Average daily volume traded is 1.3 million shares, just over 1% of the number of outstanding shares.
The ratio of enterprise value to EBITDA is 30.2, so far from bargain territory of 10.0 or less in this ratio.
TETRA Technologies does not pay a dividend.
The company's mean analyst rating is a 2.1 or "buy" from fourteen analysts.
The five largest institutional holders on September 29, 2021, are BlackRock at 6.3%, Fuller & Thaler Asset Management at 5.9%, Vanguard at 4.7%, T. Rowe Price at 4.1%, and State Street at 2.8%.
TETRA Technologies' major exposure is a second derivative of US and global oil price risk (the price risk itself, and then the level of oil and gas drilling), which is subject to continuing demand recovery and moderated supply by OPEC+. While public US companies have reined in drilling, private companies have expanded their efforts in the last several months.
To the extent Permian seismic risks worsen, TETRA Technologies processes—which don't involve saltwater disposal wells—may be of increasing interest to customers.
I do not recommend TETRA Technologies to investors looking for large trade volumes, big market caps, dividend-payers, low-beta, or rapid-growth companies.
While the company does not appear to have the capability to scale up quickly, with its active international business it is geographically diversified, a benefit. In particular, the company has growth from its new Brazilian contracts.
Financially, TETRA technologies has a forward price-earnings ratio of 18 but a high ratio of liabilities to assets (76%).

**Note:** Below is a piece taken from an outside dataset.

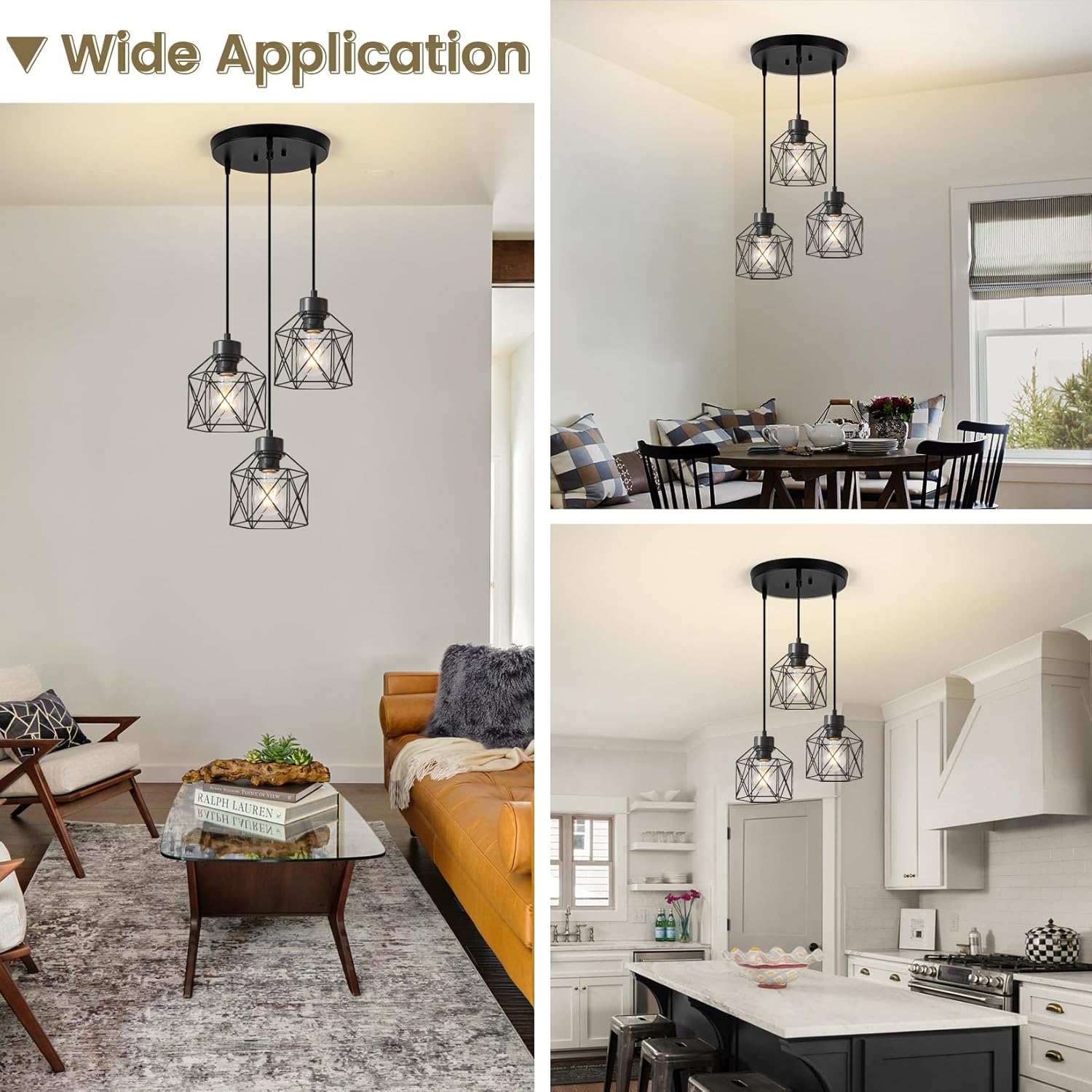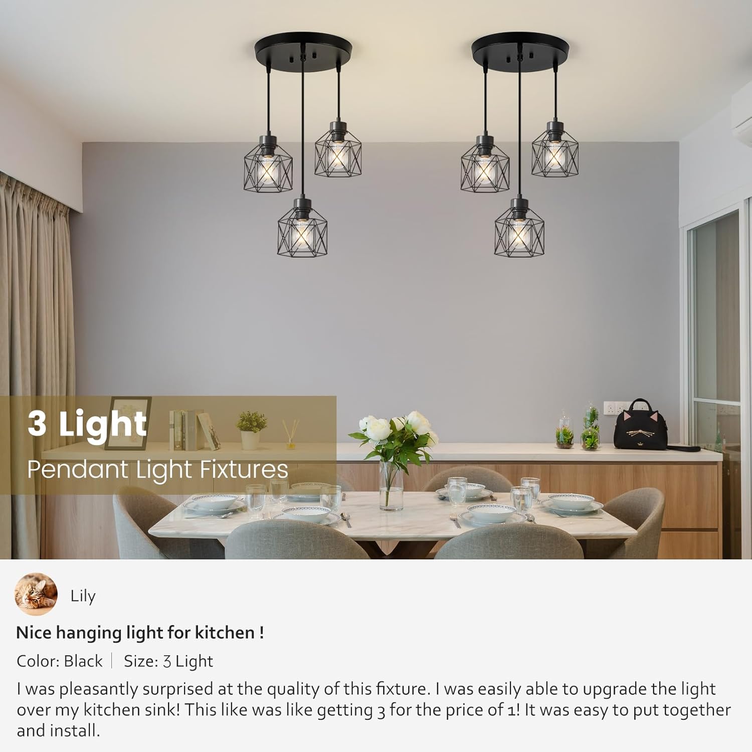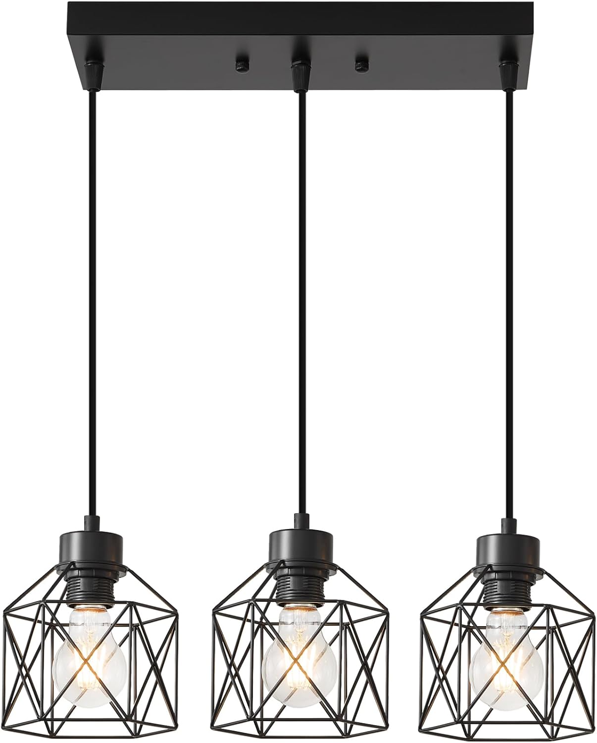 ROCUNSI 3-Light Pendant Light Fixtures, Farmhouse Hanging Pendant Lighting, Dining Room Chandelier, Industrial Kitchen Island Hanging Light Fixture, Black Metal Cage Pendant Ceiling Lamp for Kitchen

TETRA Technologies' stock price and market capitalization are both relatively small. The company may interest risk-seeking investors looking for innovative publicly traded water service companies at the intersection of the oilfield services and ESG sectors. These interested in a speculative investment may appreciate the company's oilfield water and fluids focus—particularly since it offers alternatives to deep saltwater well disposal—in addition to its chemical research and new products.